Maroc : Les réformes nécessaires à le démocratisation

La révolution de jasmin, totalement inattendue même au Maghreb, soulève un certain nombre de problématiques au Maroc, où des points communs, mais aussi des spécificités propres au royaume peuvent être spécifiés. Cette grille d’analyse peut par la suite être utilisée pour concevoir un plan d’action pour la démocratisation des mentalités, et du pays par les forces significatives de la nation, intellectuels, homme politiques, société civile etc…

Des points communs entre certains pays arabes (dont le Maroc) et la Tunisie, on a déjà dit l’essentiel. Pauvreté et pouvoir d’achat minime des citoyens, corruption généralisée, hégémonie d’un chef d’Etat sur les contre-pouvoirs politiques sont autant de facteurs qui ont fait explosé le système Ben Ali et qui sont aussi présents dans nombre de pays arabes.

Je suis d’avis que chacun de ces pays dispose tout de même de ces propres spécificités, dont le Maroc.

Tout d’abord, le degré de liberté entre le régime marocain et celui de Ben Ali est sans commune mesure.

 Certes, on ne peut pas dire que la liberté d’expression est un droit reconnu au Maroc. Le contrôle sur les médias écrits et Internet est toutefois plus souple, plus relâché et utilise des techniques utilisant un semblant de légalité (procès en diffamation et autres poursuites légales). Cela n’a pas empêché le journal le plus critique envers le régime (Le Journal hebdommadaire) d’arrêter sa diffusion du fait des coups de boutoir du pouvoir. Les journalistes pratiquent aussi un degré relativement important d’autocensure. Mais, si les commentaires ne dérangent habituellement pas le pouvoir, force est de constater que la presse relate plus ou moins fidèlement les faits.
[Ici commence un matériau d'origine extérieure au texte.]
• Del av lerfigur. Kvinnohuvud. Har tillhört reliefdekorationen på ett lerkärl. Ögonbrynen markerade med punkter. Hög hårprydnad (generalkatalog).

Les élections sont quant à elles, du moins jusqu’aux législatives de 2007, plutôt propres. Le contrôle, il est vrai se déroule beaucoup plus en amont, avec les médias audiovisuels tous étatiques, la presse subventionnée par le « makhzen économique » et le découpage électoral. Le système électoral (une sorte de proportionnelle locale) est customisé afin d’éviter que tout parti puisse prendre une majorité absolue au parlement et donc concurrencer réellement le pouvoir monarchique, nonobstant les autres niveaux de contrôle sur les résultats (les médias, la loi sur les partis les amenant à s’allier à toutes sortes de notables véreux et donc à se discréditer etc…).
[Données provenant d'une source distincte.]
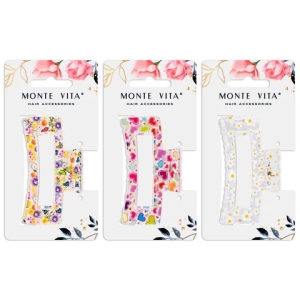 Краб для волос 8,5 см прозрачный с рисунком ассорти

Le fait islamiste est quant à lui beaucoup plus présent au Maroc. La norme salafiste (femmes voilées, homme barbus, discours moralisateurs …) est partout présente dans les classes populaire, alors qu’en Tunisie, du fait de méthodes répressives d’autres facteurs, elles est beaucoup moins importante. Le principal parti d’opposition parlementaire, (en fait la seule opposition ayant une idéologie différente de la majorité) et la seule grande force d’opposition illégale (mais tolérée), respectivement le Parti de la Justice et du Développement et le mouvement Al Adl Wal Ihssane sont issus de l’idéologie islamique. En d’autre terme, la seule opposition organisée, que ce soit contre le gouvernement ou contre le régime sont des mouvements islamistes.

Enfin, le Maroc est loin derrière la Tunisie dans tous les classements touchant à la richesse par habitant, au niveau de vie et au développement humain. La pays est encore à forte composante rurale (40% de la population), avec un niveau d’éducation plus faible (40% d’analphabétisme par exemple) et une pauvreté plus grande, que ce soit pour la proportion de lumpen ou pour le niveau de vie médian dans la société.
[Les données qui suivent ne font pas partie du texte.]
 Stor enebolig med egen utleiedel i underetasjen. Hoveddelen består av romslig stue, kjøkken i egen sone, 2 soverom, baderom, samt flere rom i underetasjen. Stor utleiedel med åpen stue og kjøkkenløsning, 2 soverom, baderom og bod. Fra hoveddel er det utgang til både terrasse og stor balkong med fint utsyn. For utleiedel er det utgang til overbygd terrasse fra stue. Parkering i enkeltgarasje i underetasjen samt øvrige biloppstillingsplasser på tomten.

Donc, entre un système de contrôle politique beaucoup plus doux, l’importance des islamistes dans la société beaucoup plus importante, et un niveau de développement moins important, la situation marocaine, malgré les points communs du despotisme (éclairé ou non), de la corruption et de l’ascenseur social en panne n’est pas identique à la situation tunisienne.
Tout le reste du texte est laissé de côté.